● What needs to be done
Reproduction of part of the material below, pictures omitted: copy exactly, and only, the lines starting with the one with "[점프볼=용인/홍기웅 기자] 28일" and going on through the one with "Brandtex Vest Off-White".

● Records for this exercise

——————————

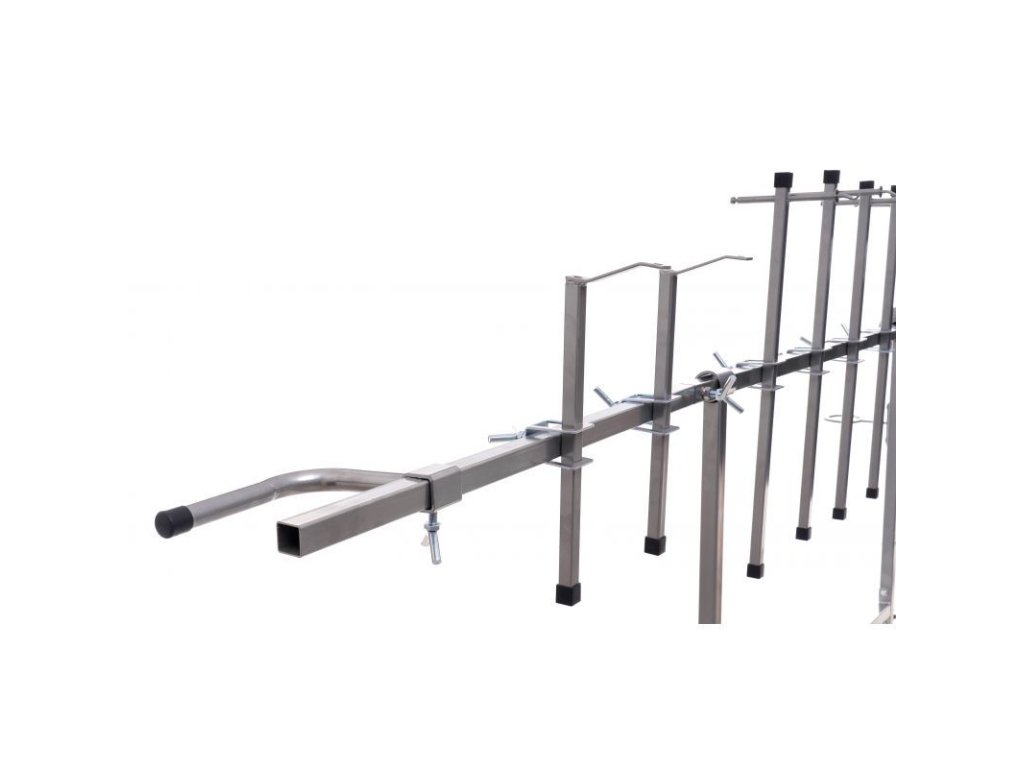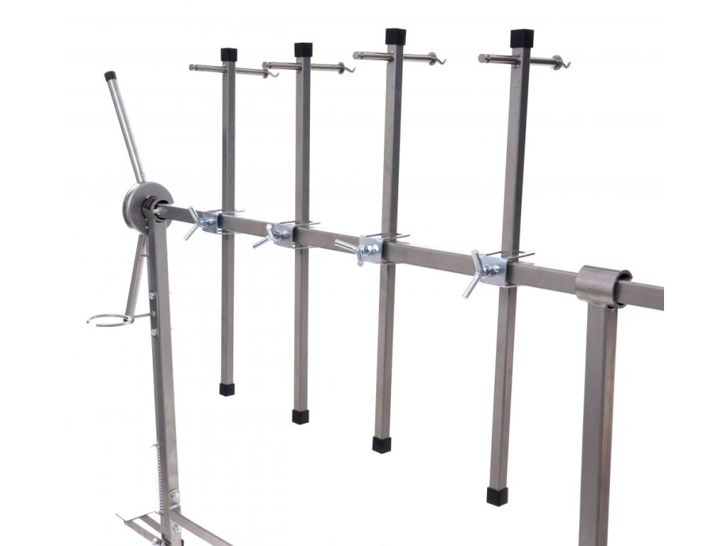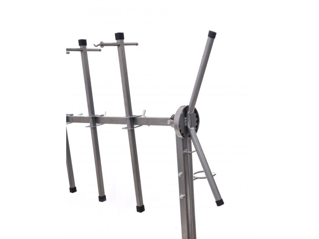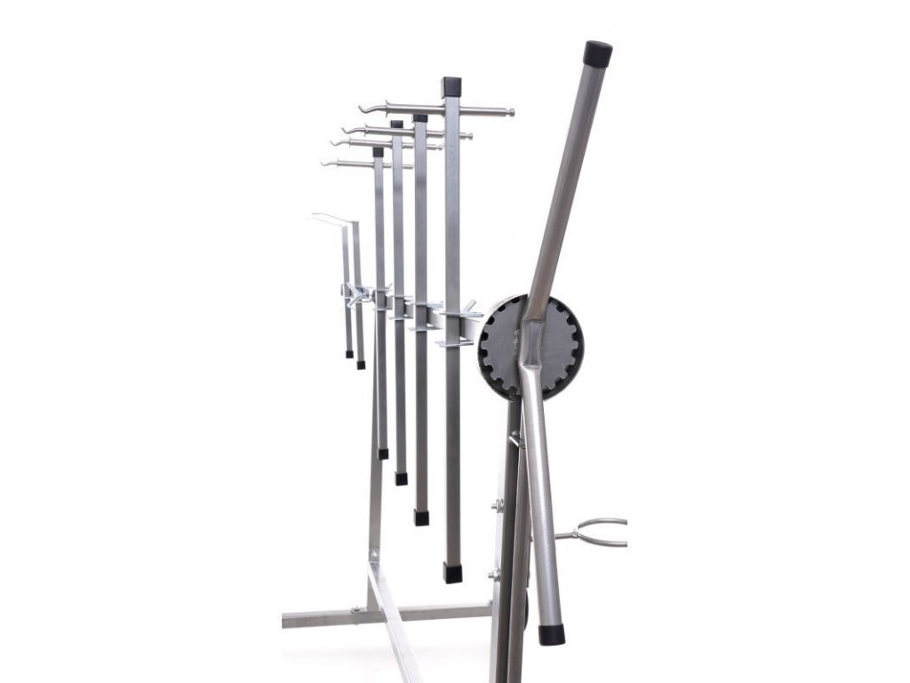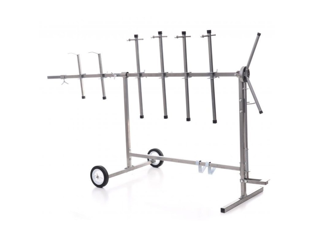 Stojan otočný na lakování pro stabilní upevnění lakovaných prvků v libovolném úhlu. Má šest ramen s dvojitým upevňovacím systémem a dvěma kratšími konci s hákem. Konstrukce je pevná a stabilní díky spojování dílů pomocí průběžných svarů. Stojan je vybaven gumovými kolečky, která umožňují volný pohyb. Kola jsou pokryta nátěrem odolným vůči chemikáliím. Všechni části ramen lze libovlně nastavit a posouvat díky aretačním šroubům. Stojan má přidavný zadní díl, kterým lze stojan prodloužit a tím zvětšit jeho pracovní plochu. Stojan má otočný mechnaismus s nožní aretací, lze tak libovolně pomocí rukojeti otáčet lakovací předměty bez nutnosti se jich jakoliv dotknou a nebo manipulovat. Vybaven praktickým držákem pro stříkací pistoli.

——————————

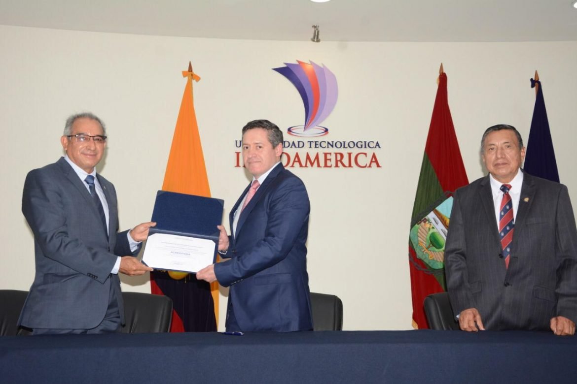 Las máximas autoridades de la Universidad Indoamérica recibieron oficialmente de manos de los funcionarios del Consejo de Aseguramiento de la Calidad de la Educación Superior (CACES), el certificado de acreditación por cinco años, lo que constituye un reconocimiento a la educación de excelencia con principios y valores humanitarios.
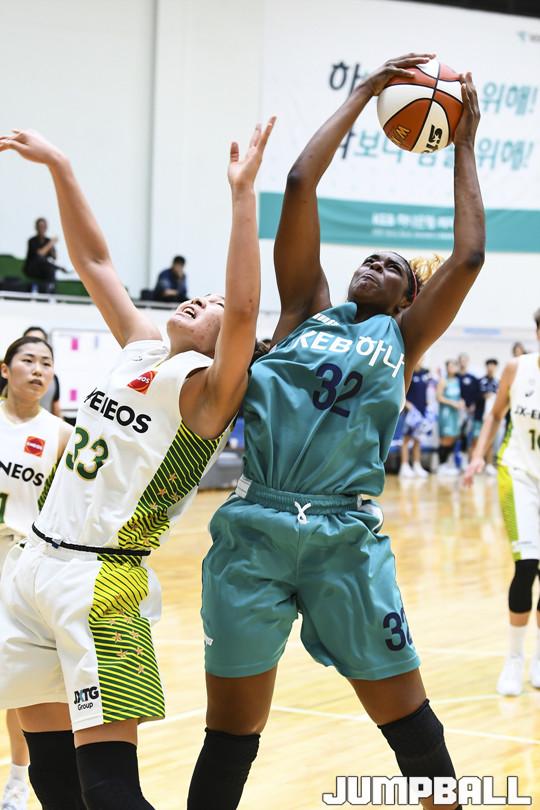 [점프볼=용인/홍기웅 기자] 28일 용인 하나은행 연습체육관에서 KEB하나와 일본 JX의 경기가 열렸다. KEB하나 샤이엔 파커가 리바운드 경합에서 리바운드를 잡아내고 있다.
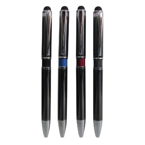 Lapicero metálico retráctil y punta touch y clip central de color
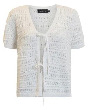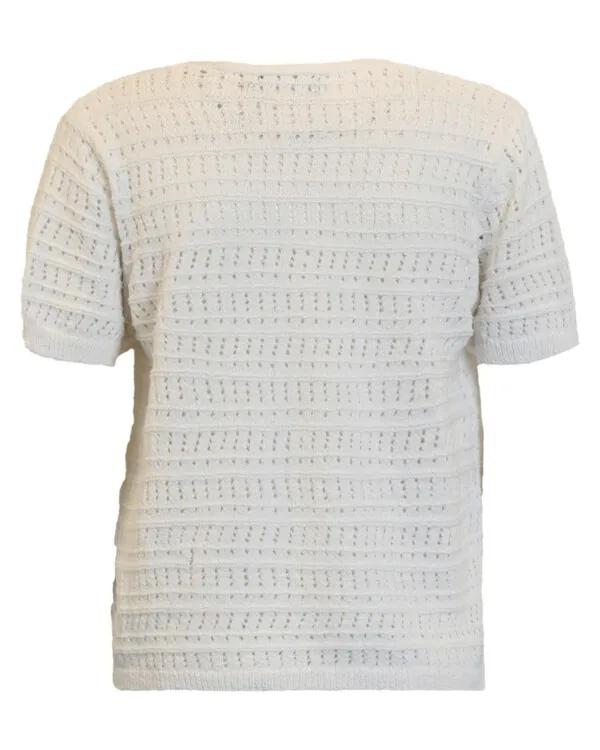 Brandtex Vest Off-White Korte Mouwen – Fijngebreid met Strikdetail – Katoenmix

——————————

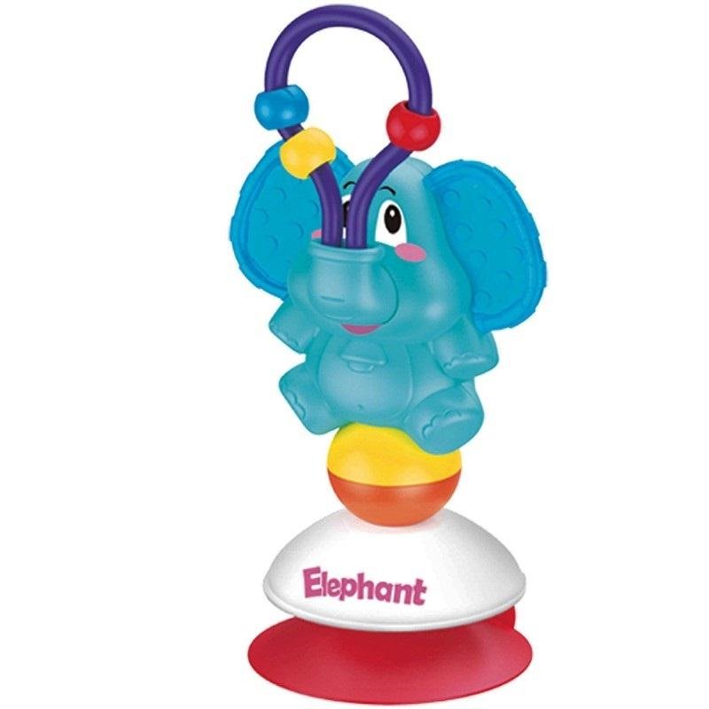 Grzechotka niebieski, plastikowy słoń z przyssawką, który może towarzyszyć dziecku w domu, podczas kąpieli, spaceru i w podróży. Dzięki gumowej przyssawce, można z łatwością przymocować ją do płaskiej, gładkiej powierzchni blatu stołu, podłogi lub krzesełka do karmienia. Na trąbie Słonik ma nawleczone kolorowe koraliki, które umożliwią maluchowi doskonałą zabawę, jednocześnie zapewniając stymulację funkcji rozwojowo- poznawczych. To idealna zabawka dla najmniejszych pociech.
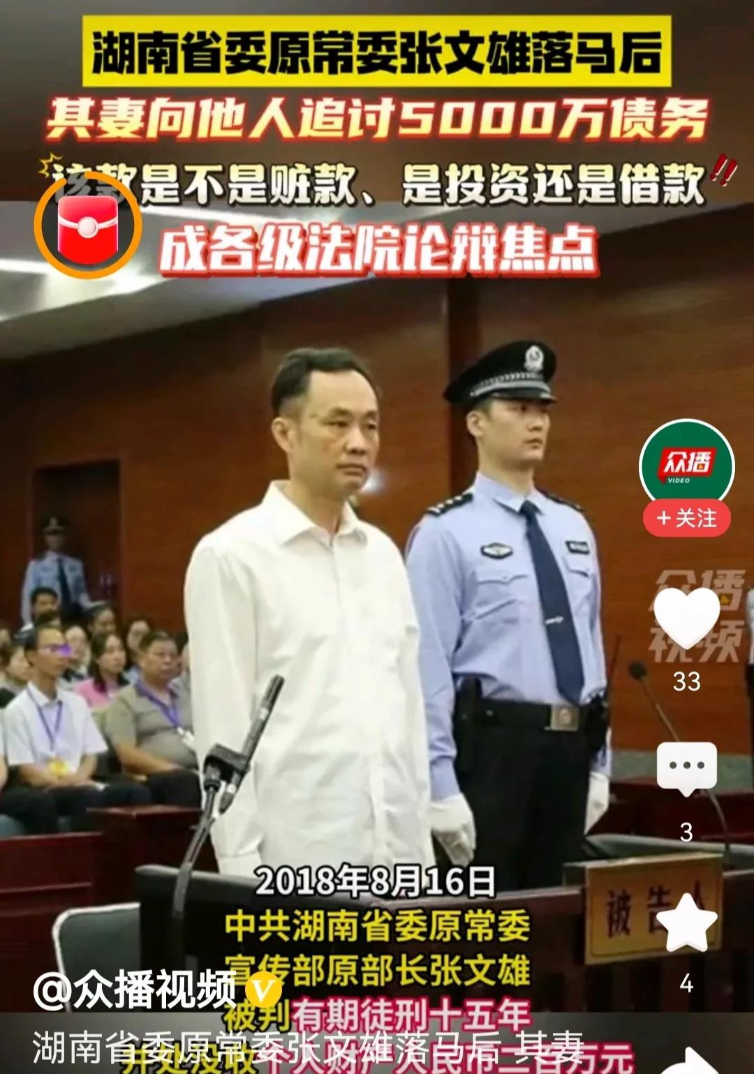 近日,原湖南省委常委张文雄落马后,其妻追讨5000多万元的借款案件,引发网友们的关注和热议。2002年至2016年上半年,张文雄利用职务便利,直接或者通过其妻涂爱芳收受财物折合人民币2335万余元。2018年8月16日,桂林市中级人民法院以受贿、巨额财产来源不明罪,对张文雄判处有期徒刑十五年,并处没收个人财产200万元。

——————————

● Result of the task
 [점프볼=용인/홍기웅 기자] 28일 용인 하나은행 연습체육관에서 KEB하나와 일본 JX의 경기가 열렸다. KEB하나 샤이엔 파커가 리바운드 경합에서 리바운드를 잡아내고 있다.
 Lapicero metálico retráctil y punta touch y clip central de color
 Brandtex Vest Off-White Korte Mouwen – Fijngebreid met Strikdetail – Katoenmix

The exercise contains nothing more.